Turning off the lights: DOT's overdue savings plan
Why is the DOT suddenly so interested in saving money that it's scouring the state to turn off every extraneous streetlight? This is where the fun begins. The DOT has given two conflicting reasons.
The Bureau of Highway Maintenance's utility budget, which was cut by 45 percent in this fiscal year, funds streetlights. Legislators cut that specific line item in the budget.
'Our budget has been cut in half and we have to respond accordingly,' DOT spokesman Bill Boynton told this newsaper.
But before Democrats pounce, they should know that Gov. John Lynch shares the credit. While the DOT is telling the public that the budget cuts are the culprit, the commissioner is telling other public officials that Lynch is responsible.

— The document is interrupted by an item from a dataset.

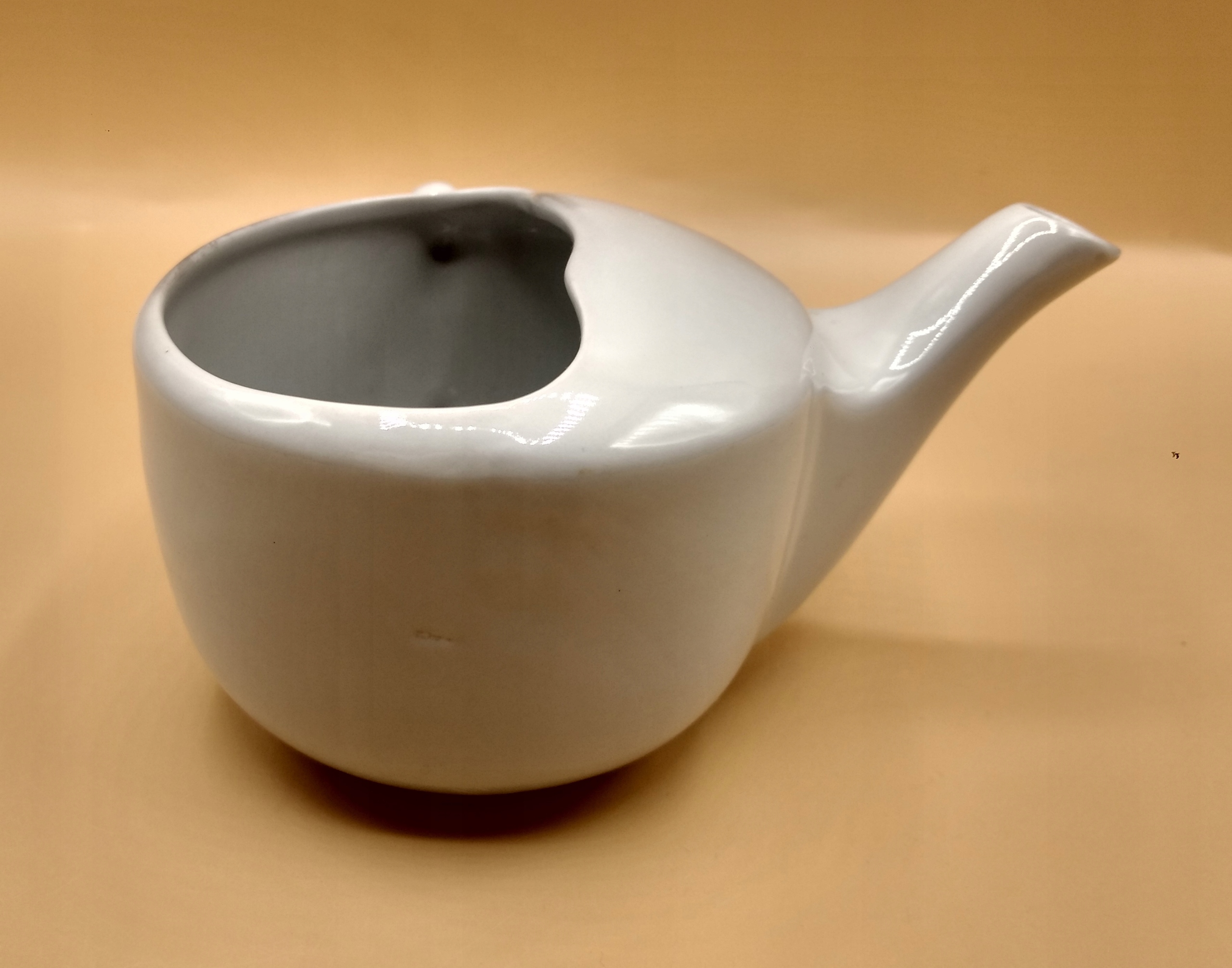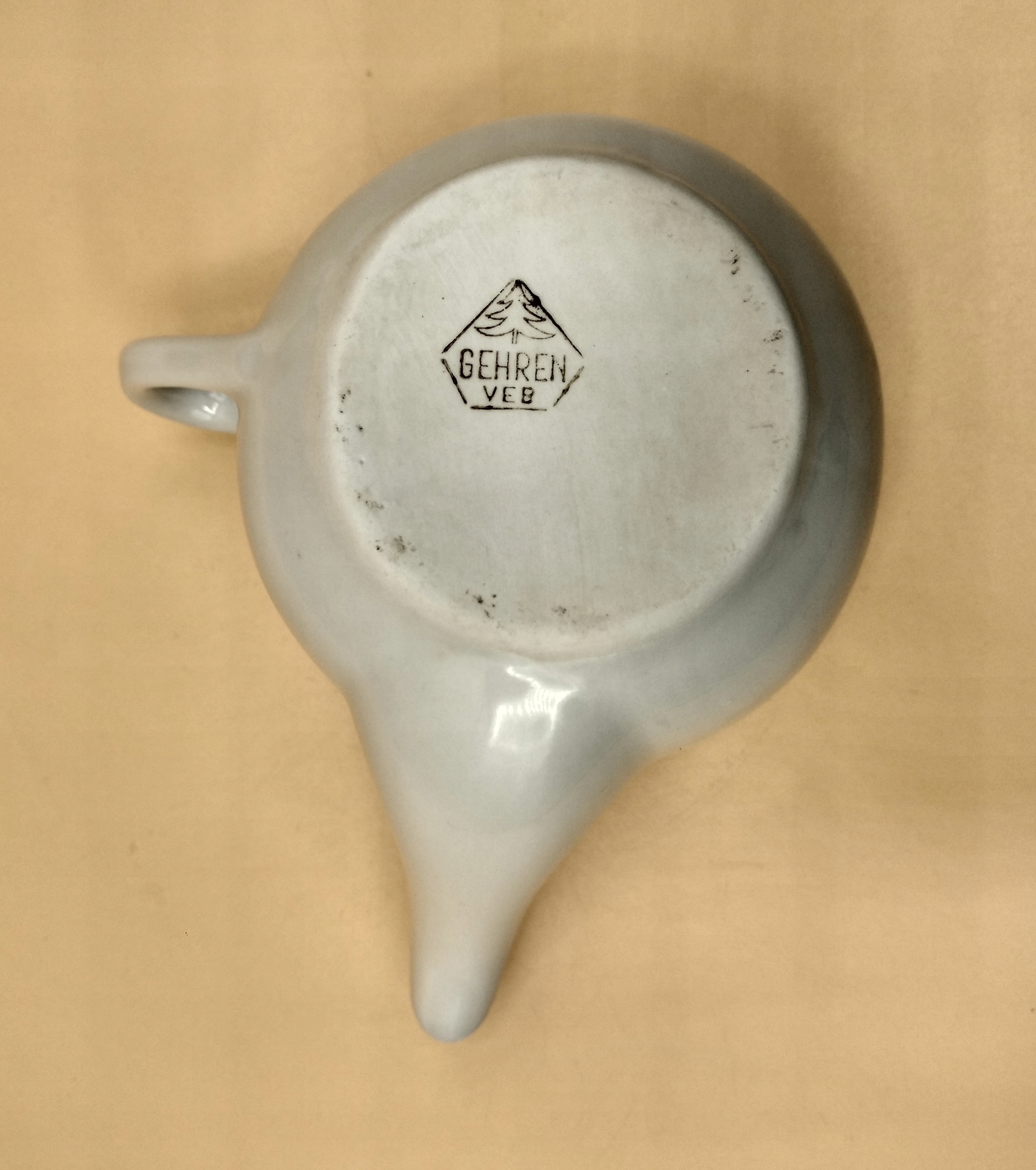 порцеляна. Ємність 300 миль, висота 7 см, ширина з ручкою та носик 13,5 см. На задній панелі є такий сірий виріз, він не брудний, тому контейнер був спалений.
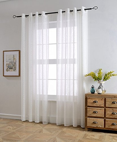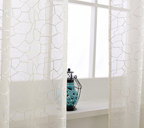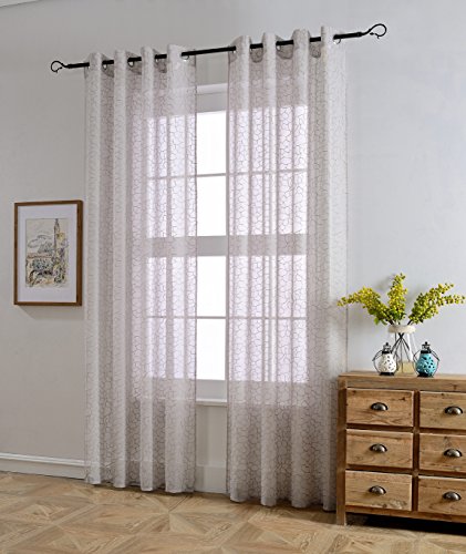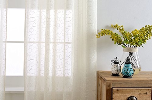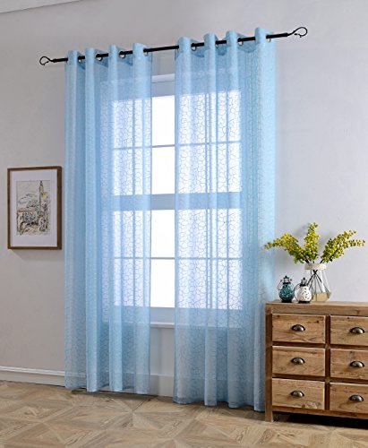 MYSKY HOME Shaylee Stone Embroidery Grommet Sheer Curtains will liven up your indoor or outdoor spaces with a sense of airiness and beauty. 6 Colors, 100% polyester, machine washable. 53x96inches of the dimensions. For a full look use 2 panels to cover a standard size windows. Due to differences in computer monitors, we can not be responsible for variations in color between the actual product and your screen.Feature

In a March 26 letter to state Rep. Philip Ginsburg, DOT Commissioner Chris Clement writes, 'There are two driving forces behind the streetlight reduction program. The first is the Governor's executive order 2011-1 requiring State Agencies to further cut energy use by setting the goal of reducing the use of fossil fuels in state government by 25 percent, compared to 2005 levels, by 2025. In an effort to comply with the Governor's order and provide essential, cost efficient services, the Department is now in the process of evaluating all streetlights operating on the state highway system with the intent to de-energize any streetlight not absolutely required by safety standards or either state or federal mandates.'
Clement said budget cuts were a secondary reason. But Boynton told us in an inverview yesterday that the budget cuts were the main reason for the streetlight program, and the governor's executive order was 'not the driving force.'
Hmmm. It defies credulity for the commissioner to claim that this initiative was launched primarily to comply with an executive order that must be achieved 13 years from now. The spokesman's story was better, and more likely true.
Either way, the result will be good for the taxpayers. The state already has identified numerous lights that can be turned off without compromising public safety, as well as at least one case of the state being double-billed for the same street light, Boynton said. 'A lot of this stuff may have been put up out of want rather than need over time,' he said. Shutting off those lights is a good thing, no matter which side claims credit.